Another feature of the technology is a tiny sensor, which is about the size of an eyelash. The sensor can withstand extreme blood flow tortuosity and temperature changes. It also can guide the radiologist through the vasculature while sensing the pressure. “And importantly, it’s guiding the interventional radiologist to actually create the appropriate pressure gradient to open up those collapsed vessels and overcome the pressure, so you can get very deep, wide perfusion deep into the parenchymal tissue of a solid tumor.”
She noted that what kills patients with pancreatic cancer is the metastases to the liver. “You can’t really control the metastatic disease until you treat the tumor at its origin,” she said. To target these tumors, the technology can close off the circulation and force the drug to stay there for a period of time.
Szela added that the company has conducted large animal studies, and preclinical data has shown that about 99% of the drug remains in the tumor, with very little ending up in normal tissue.
The company is hoping that this study will take about 12 months. The aim is to validate the technique and roll it into a cell therapy trial.
“We don’t believe our approach would be in isolation. We believe [this] approach would be part of a systemic regimen, too. Our goal is to … reduce the origin of cancer, control the metastatic disease, so you can … give the systemic treatment, which is primarily treating the micrometastases, a chance to succeed. We would either do this in a neoadjuvant way, or in collaboration with a systemic treatment. It will be organ-specific, and we’ll do that disease by disease, because it would vary quite substantially.”
Previously, the company collaborated with Steven Katz, director of the Office of Therapeutic Development at the Roger Williams Medical Center, for a phase Ib clinical trial shows that administering a concentrated dose of anti-carcinoembryonic antigen-positive (CEA) CAR T cells precisely at the site of a solid tumor by means of PEDD is safe, with encouraging clinical responses. Katz served as principal investigator in the trial.
Results of the study were presented in November 2018, five patients – four pancreatic and one colorectal – with CEA+, unresectable stage IV adenocarcinoma with liver metastases who had failed one or more lines of systemic chemotherapy. Each received three hepatic artery infusions of Sorrento Therapeutics autologous anti-CEA CAR T cells. The immunotherapy was delivered by means of the PEDD technology. Among the results presented was that two of the four pancreatic cancer patients had no viable liver metastases by PET scan after the treatment.

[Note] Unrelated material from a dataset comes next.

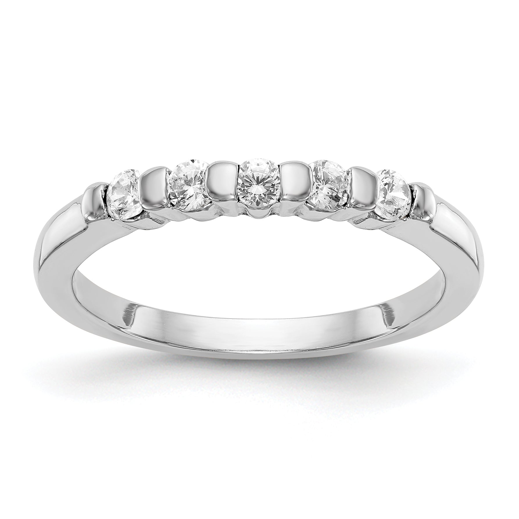 Item Specification: Material: Primary - Purity:14K Finish:Polished Stone Type_1:Center Stone Mounting(s) Stone Quantity_1:5 Plating:Rhodium Band Width:3 to 1.2 mm (tapered) Stone Weight_1:0.05 ct Size (Minimum):5 Size (Maximum):9 Sizing Adjustment Increment:0.25...

Szela noted that it was a proof-of-concept to demonstrate safety, and the results were promising. Of the two who had the complete response, one had a durable response of 13 months and went on to live 26 months. The other is still alive. “So, we think this is a pretty profound result; you don’t see that happen.”
In the next 12 to 18 months, the company plans to transition to a therapeutic company, merging with Katz’s discovery lab, manufacturing facility and clinical operations to deliver cell therapy. In addition, the company is acquiring other immunologic agents to combine with the various regimens. So, in the next year or so, the company is aiming to have four or five clinical trials ongoing.